## Supplied material
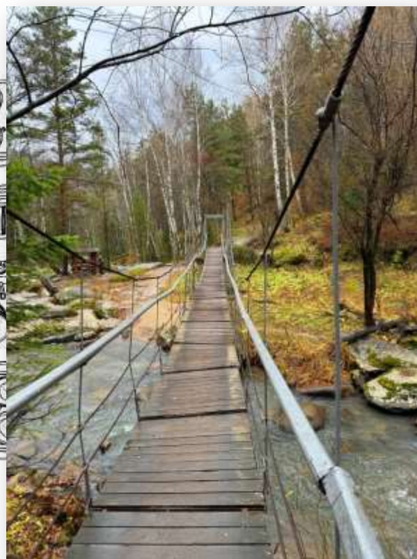
Пейзаж «Тропинка испытаний» Прозоров Лаврентий
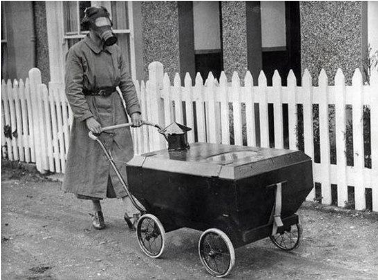
Imagen 2: Gas-proof baby carriage, 1938

https://www.reddit.com/r/HistoryPorn/duplicates/2422hw/gasproof_baby_carriage_1938_3500x
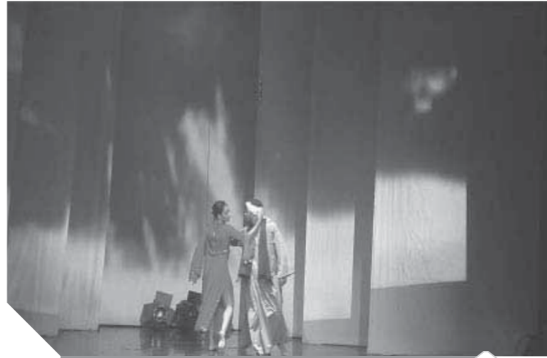
العرض المسرحي «انتحار معلن»
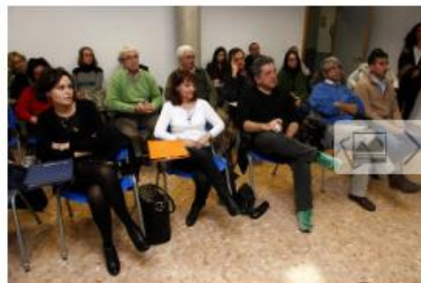
Un curso anterior. Pacte, Nord

El Consorcio Pactem Nord ha puesto en marcha un curso totalmente gratuito para comerciantes de l'Horta Nord sobre conocimiento y uso de Facebook, ya que está considerada la red social más utilizada en el mundo y la que más clientes atrae. Las sesiones se realizan en Vinalesa y Puçol y se desarrollarán hasta el 22 de noviembre. Dada la limitación de plazas sólo se ha admitido una persona por comercio en el curso y tenían prioridad aquellos establecimientos que estén asociados.
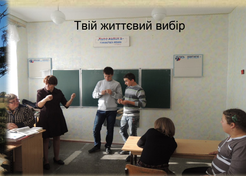
Твій життєвий вибір
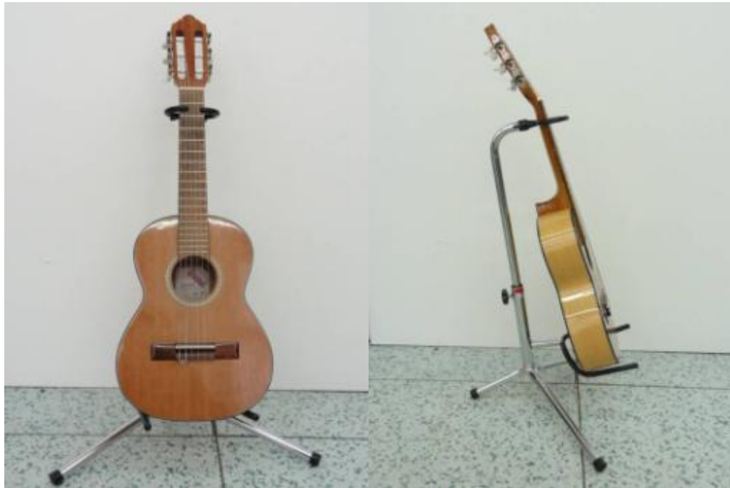
Obr. 13: Sopránová kytara – výrobce Strunal
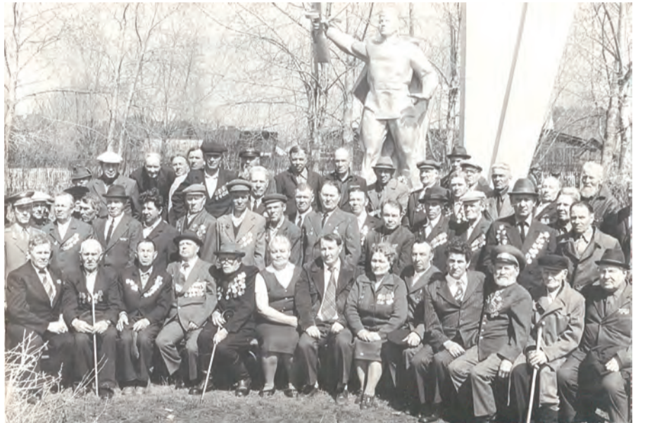
Ветераны Великой Отечественной войны у обелиска. 1982 год.
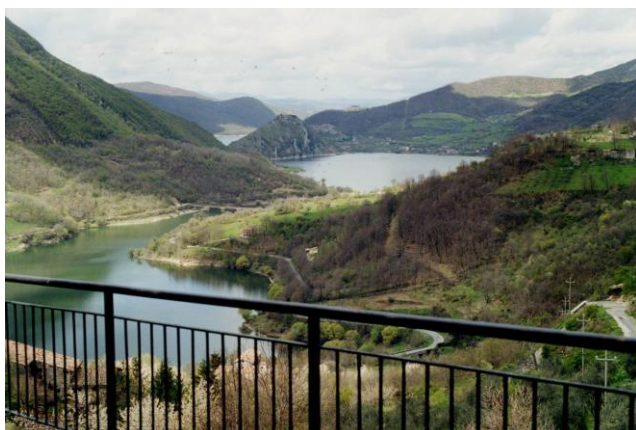
Lago del Turano, Castel di Tora
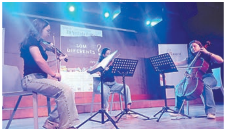
Concert de violí a la Vetllada Poètica celebrada dimarts

reunir-se a l'icònic espai de Lleida per celebrar una jornada entre el veïnat del barri, envoltats del luxe i menjar de la Fonda del Nastasi.
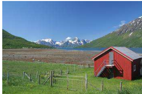
Immer noch weit nördlich des Polarkreises

Nach einem guten Frühstück in der Sonne schießen wir noch ein paar Bilder vom Fjord und dessen Landschaft ringsum, dann brechen wir auf. Zweimal fahren wir mit einer kleineren Fähre, jedes Mal etwa
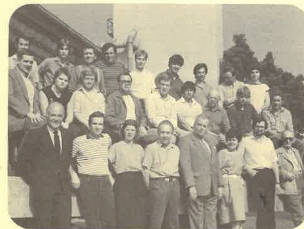
1984 Departement Charpente
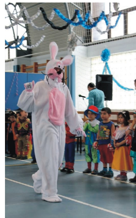
Másnap találgatták a gyerekek, hogy ki lehetett a nyuszi
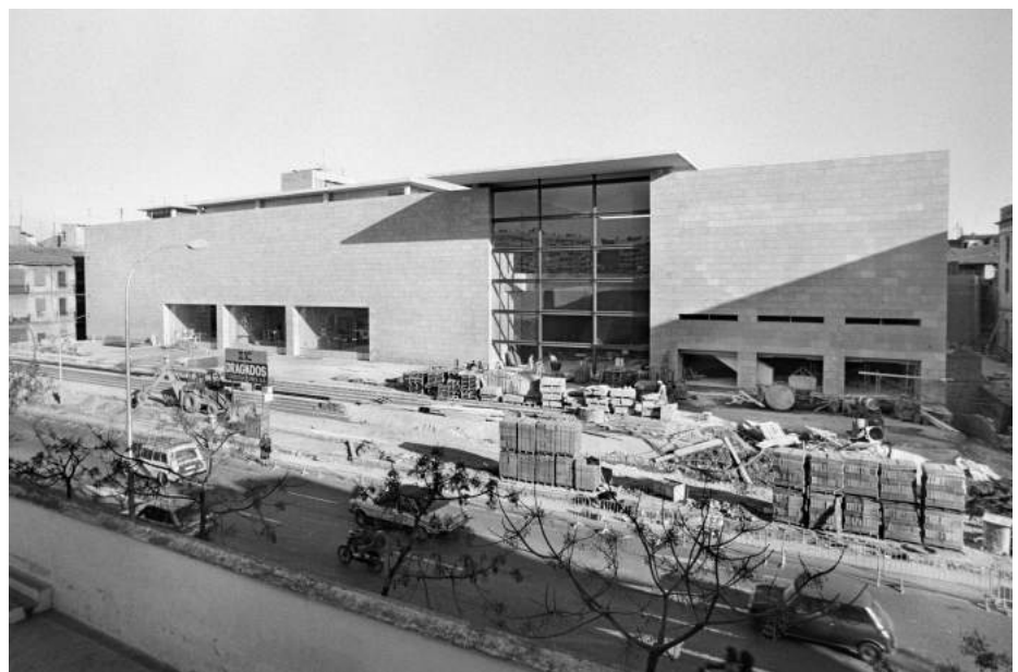
IVAM en obras , 1988.

1989 fue también el año en el que se inauguró el IVAM. La exposición 1989. IVAM , dentro de la línea de exposiciones Caso de estudio , ha partido de la propia colección del museo y de la

## Task details
Leaving out the pictures, please transcribe exactly the lines from the one that holds "El Consorcio Pactem" through the last line of the entries above, both included.

## Answer to this task
El Consorcio Pactem Nord ha puesto en marcha un curso totalmente gratuito para comerciantes de l'Horta Nord sobre conocimiento y uso de Facebook, ya que está considerada la red social más utilizada en el mundo y la que más clientes atrae. Las sesiones se realizan en Vinalesa y Puçol y se desarrollarán hasta el 22 de noviembre. Dada la limitación de plazas sólo se ha admitido una persona por comercio en el curso y tenían prioridad aquellos establecimientos que estén asociados.
Твій життєвий вибір
Obr. 13: Sopránová kytara – výrobce Strunal
Ветераны Великой Отечественной войны у обелиска. 1982 год.
Lago del Turano, Castel di Tora
Concert de violí a la Vetllada Poètica celebrada dimarts

reunir-se a l'icònic espai de Lleida per celebrar una jornada entre el veïnat del barri, envoltats del luxe i menjar de la Fonda del Nastasi.
Immer noch weit nördlich des Polarkreises

Nach einem guten Frühstück in der Sonne schießen wir noch ein paar Bilder vom Fjord und dessen Landschaft ringsum, dann brechen wir auf. Zweimal fahren wir mit einer kleineren Fähre, jedes Mal etwa
1984 Departement Charpente
Másnap találgatták a gyerekek, hogy ki lehetett a nyuszi
IVAM en obras , 1988.

1989 fue también el año en el que se inauguró el IVAM. La exposición 1989. IVAM , dentro de la línea de exposiciones Caso de estudio , ha partido de la propia colección del museo y de la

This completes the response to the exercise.